Search strategy for trial identification
We searched the computerized databases of Cochrane Central Register of Controlled Trials (CENTRAL), MEDLINE, EMBASE and POPLINE for trials of continuous or extended cycle versus cyclic use of COC for contraception. We wrote to the corresponding authors of published trials to seek other trials we may have missed. We also searched the references of the publications identified for inclusion.

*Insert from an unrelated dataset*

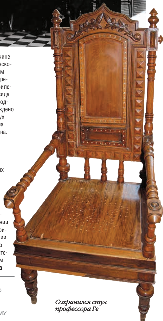
Сохранился стул профессора Ге

ФОТО ИЗ АРХИВОВ РЕСПУБЛИКАНСКОГО КЛИНИЧЕСКОГО КОЖНО-ВЕНЕРОЛОГИЧЕСКОГО ДИСПАНСЕРА РТ И КАФЕДРЫ ДЕРМАТОВЕНЕРОЛОГИИ КГМУ

Method of data extraction and analysis
The primary reviewer (A.E.) evaluated the titles and abstracts identified from the literature searches and assessed relevant articles for potential inclusion. Continuous COC were defined as the use of active pills for >28 days. After extraction by both the primary and secondary reviewers to ensure accuracy, the data from the eligible trials were entered into RevMan 4.2. RevMan is an information management system used by the Cochrane Collaboration that assists in organizing and analysing data (http://www.cc-ims.net/). Peto odds ratios (Peto OR) with 95% confidence intervals (CI) were calculated for dichotomous outcomes. Weighted mean differences (WMD) were used for continuous outcomes. Data in the present review are based on the analytical method (e.g. intention-to-treat, per-protocol) used in the trial report.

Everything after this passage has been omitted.